My face warms. How to explain what happened without sounding like an idiot? “He did save my life. And was… very sweet to me. Which I suppose is why I was so upset when he turned around and told me he had only been testing me, to see how far I’d go.”

“Oh, my. That’s… unkind.”

“Glad you agree.” Pulling on my shoes, stashing the egg in the nest and shoving Olm’s book against my breasts, I put out the fire. “Is there any basket I could borrow?”

“There is the satchel you brought the book in,” she says. “Over there.”

I thought it had been lost. Now I see it lying at the base of a column. Magic again? Or did Roane place it there?

She watches me, her blue eyes looking kind of sad. “Stay inside, girl. Wait until he returns. Then we could talk to him.”

“Look, I know it seems crazy, but I won’t stay cooped up in here. It may be safer, but it’s also stagnant. Dangerous or not, I need to take my fate into my own hands. Discover this world. Discover how I can exist in it.”

“Then I’m going with you.”

I sigh. “I thought you didn’t want to be around this silly human.”

“It’s… complicated.” She trots along as I retrace my steps up the stairs and to the great double doors of the building. “Roane is our friend and you accused him of being mean.”

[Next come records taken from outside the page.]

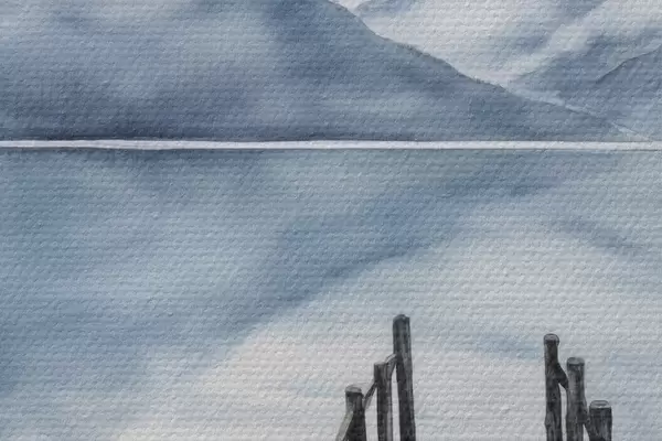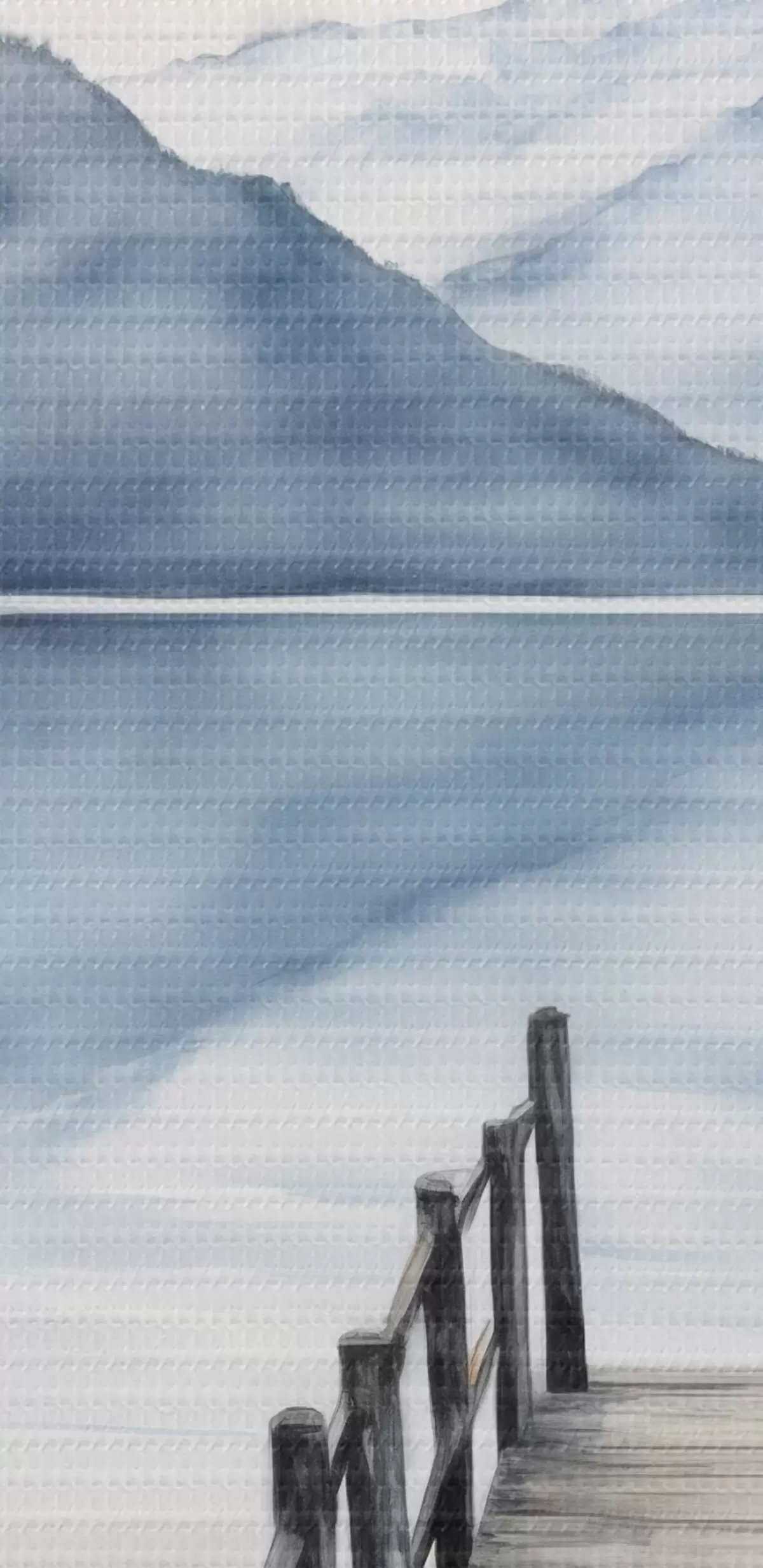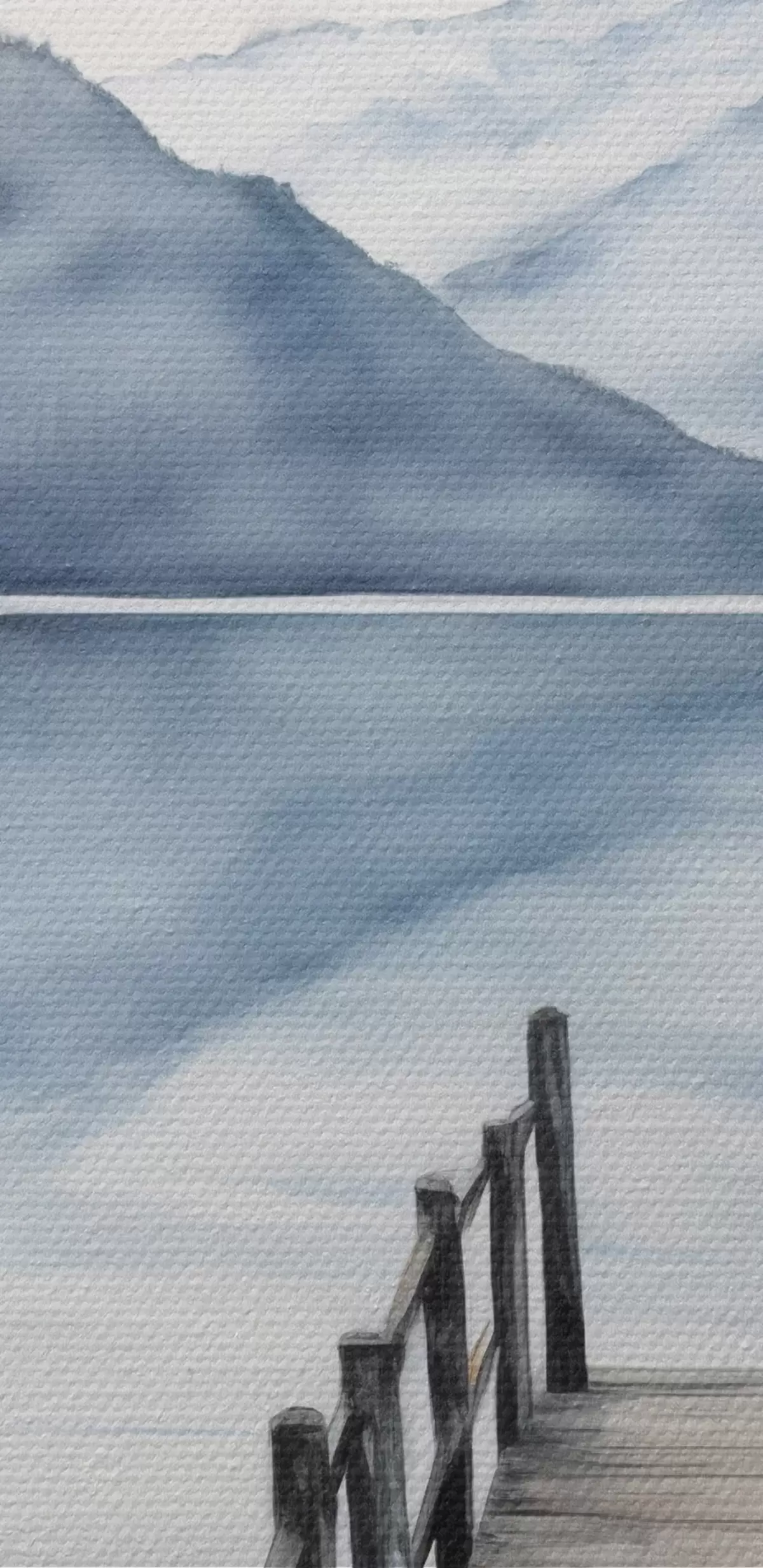 Immagine Un pontile di legno si protende in un lago tranquillo, circondato da montagne e alberi sempreverdi, stile acquerello Nr r43405
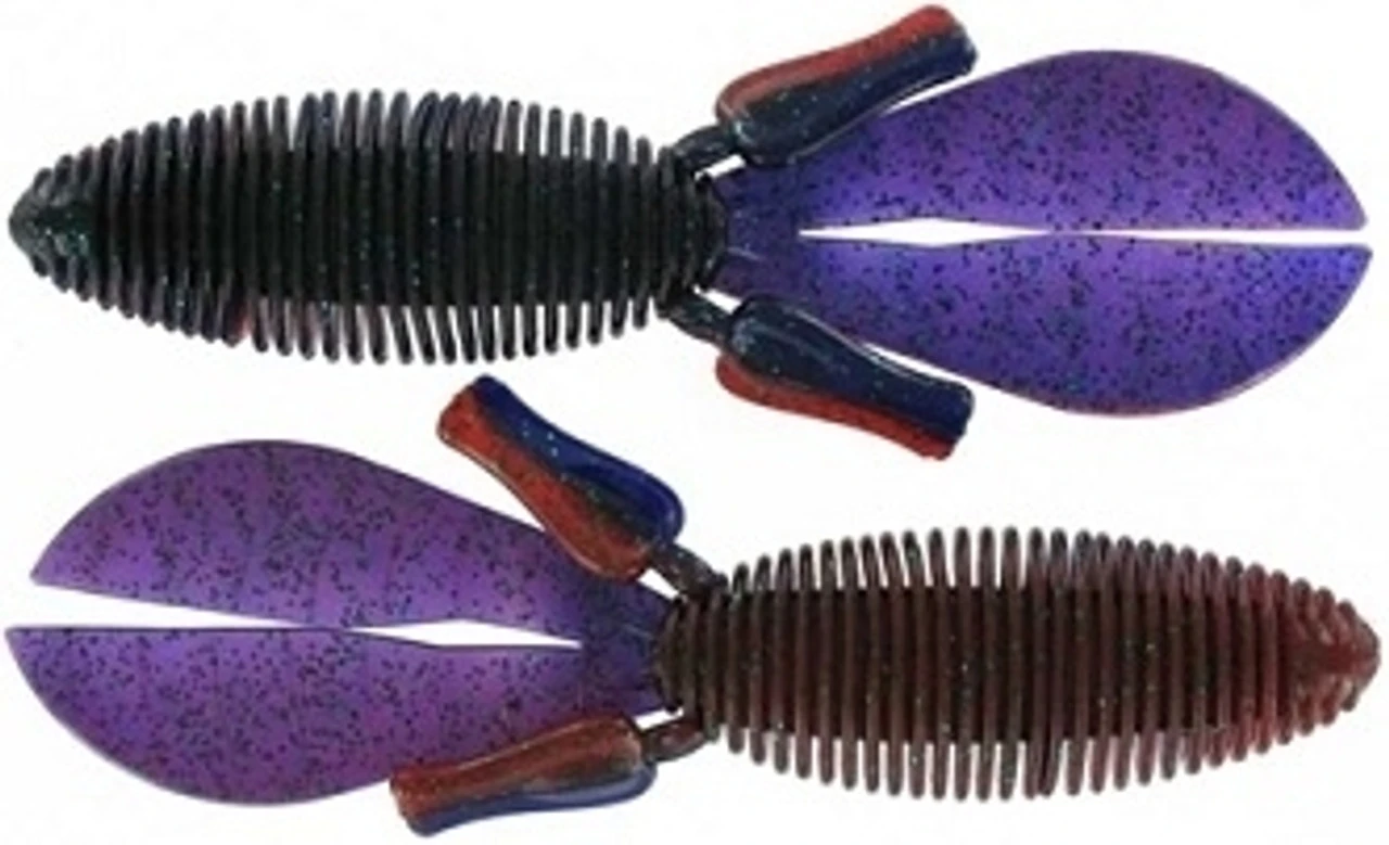 The Missile Baits D Bomb has become synonymous with pitching and flipping. The D Bomb is a bulky 4″ creature bait with a unique ribbed body that displaces lots of water resulting in a straight fall. With his crushing Elite Series win, Ish Monroe proved the effectiveness of the bulky beaver style plastic. The heavy vegetation and big bass in Lake Okeechobee met their match when Monroe paired the D-Bomb with a Paycheck Baits Punch Skirt and a 1.5oz Tungsten flipping weight. After four days of hand-to-hand combat with giant bass, Monroe reigned victorious amassing a total weight of over 100lbs and collecting the trophy. The real key to this bait is the flat plastic tail that sails when left connected or flaps wildly when separated. The details are what make this bait – one such design element is the thing plastic body which results in easier hook penetration, however, the plastic in the head of the bait keeps the hook in place.
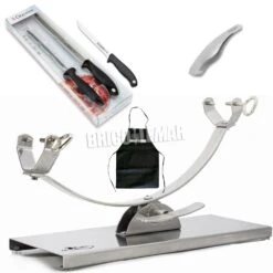 Jamonero Inoxidable de Balancin Kabra + Chaira + Cuchillos Jamonero y Deshuesador + Pinza para Jamon + Delantal Bricolemar

“Unkind. Your words, not mine. And the way he treated you two today wasn’t kind, either.”

“Yeah, he’s acting weird. Listen, you don’t believe me, but he has never been nasty to us.”

“So all he had to do was look at me and his personality changed? All the more reason to believe he hates me.”

“He doesn’t hate you.”

“Of course he does. Open your eyes and stop giving me bad advice. A man who treats me like that won’t change.

Always hot and cold. Saving me, then snapping at me.

Holding me and then insulting me. You tell me.

Unless he has two souls like the legendary dragon summoner Jaien, the one who wedded the sea dragon maiden Aethre centuries ago, he isn’t worth my time. ”

“Aline… he isn’t like that.”

“Believe what you want.”

“He’s not two-souled like the mythical Jaien,” she says. “And he has always been calm and kind.”

Silence spreads.

“You know…” I whisper. “I heard that Jaien and Aethre are still alive. Immortals. They have retreated from the world. Few people have seen them since the war that brought down the fae.”

“That sounds like a good ending to a life ravaged by war and death. Peace and quiet. Two soulmates living their days in love.”

Yeah. Who wouldn’t want an ending such as that? But I won’t find it with Roane, that’s for sure.